LOS ANGELES (AP) — A man who pleaded guilty to a series of Southern California attacks that killed five men and injured seven others was sentenced Friday to life in prison without possibility of parole.
Ramon Escobar, 50, received multiple life sentences after entering guilty pleas to murder with special circumstances and attempted murder. In a Zoom call hearing, he also pleaded guilty to the 2018 killings of his aunt and uncle in Houston, Texas. He received additional life sentences for those slayings but will serve them consecutively in California.
Prosecutors said Escobar fled Texas after killing his relatives and was homeless when he began attacking people in Los Angeles and Santa Monica over the course of about two weeks in September 2018.
Prosecutors said Escobar bludgeoned victims with bolt cutters or a baseball bat as they lay sleeping on streets or the beach. All but one were homeless.
In an interview with police, Escobar said he killed some of the victims because they “irritated him, they were disrespectful to law enforcement, or he robbed them because he needed money,” according to a prosecution sentencing memorandum.

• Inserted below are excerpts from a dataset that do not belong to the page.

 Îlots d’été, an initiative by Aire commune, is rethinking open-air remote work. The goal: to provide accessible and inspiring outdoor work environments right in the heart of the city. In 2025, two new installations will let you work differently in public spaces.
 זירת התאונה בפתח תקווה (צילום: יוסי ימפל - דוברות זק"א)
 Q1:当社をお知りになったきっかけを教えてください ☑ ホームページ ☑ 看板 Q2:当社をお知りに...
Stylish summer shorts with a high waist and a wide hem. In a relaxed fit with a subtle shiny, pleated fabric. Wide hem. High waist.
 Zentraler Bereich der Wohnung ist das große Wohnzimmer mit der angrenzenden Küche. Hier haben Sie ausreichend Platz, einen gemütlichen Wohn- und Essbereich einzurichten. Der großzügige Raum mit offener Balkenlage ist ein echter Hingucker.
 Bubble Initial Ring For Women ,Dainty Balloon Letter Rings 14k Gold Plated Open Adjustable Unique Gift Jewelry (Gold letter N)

Surveillance video showed him ransacking the pockets and belongings of some victims in downtown Los Angeles.
Escobar had fled Texas after being questioned over the disappearance of his aunt and uncle, with whom he’d been staying. He drove 1,500 miles (2,414 kilometers) to California, arriving about a week before the attacks began there, authorities said.
Houston police later said Escobar confessed that he had killed siblings Dina Escobar, 60, and Rogelio Escober, 65.

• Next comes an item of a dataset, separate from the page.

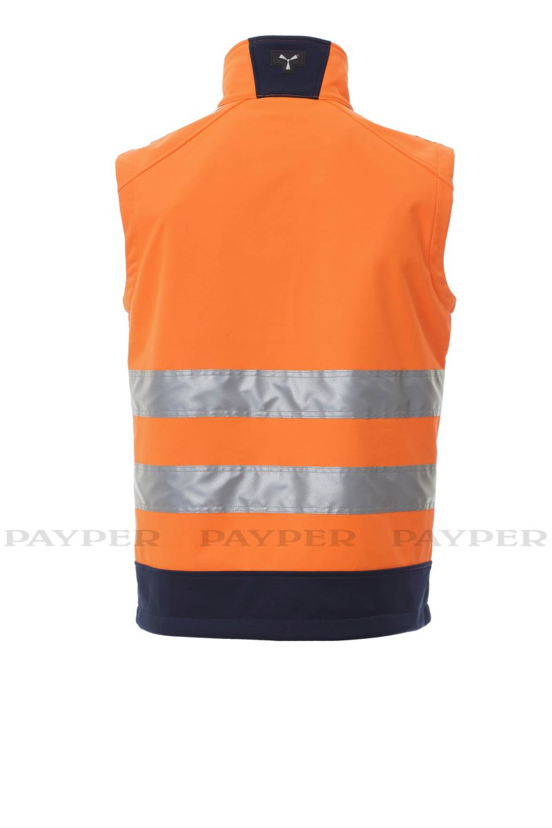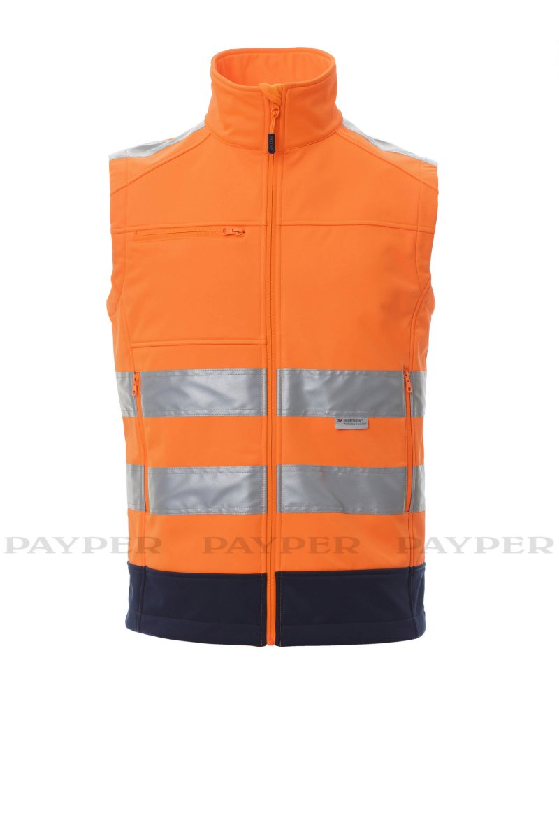 Chaleco de hombre ergonómico, bicolor de alta visibilidad, con bandas de 3M, con cremallera SBS larga con cinta, dos bolsillos laterales con cremallera, un bolsillo en el pecho, soporte para tarjetas extraíble y desmontable.

Escobar told police he beat his uncle to death because he felt disrespected, and then killed his aunt after hiding in her van when she went to look for her brother two days later.
Escobar said he left the bodies in two different dumpsters, and they were later found at a landfill.
Escobar had a previous criminal record that included a five-year prison term for burglary in Texas and misdemeanor convictions for assault and trespassing, authorities said.
Escobar, who originally was from El Salvador, also had been deported six times from 1997 to 2011 but returned illegally, authorities said. In 2017 he was released from federal immigration custody after winning an appeal of his latest deportation case in an immigration court, according to U.S. Immigration and Customs Enforcement.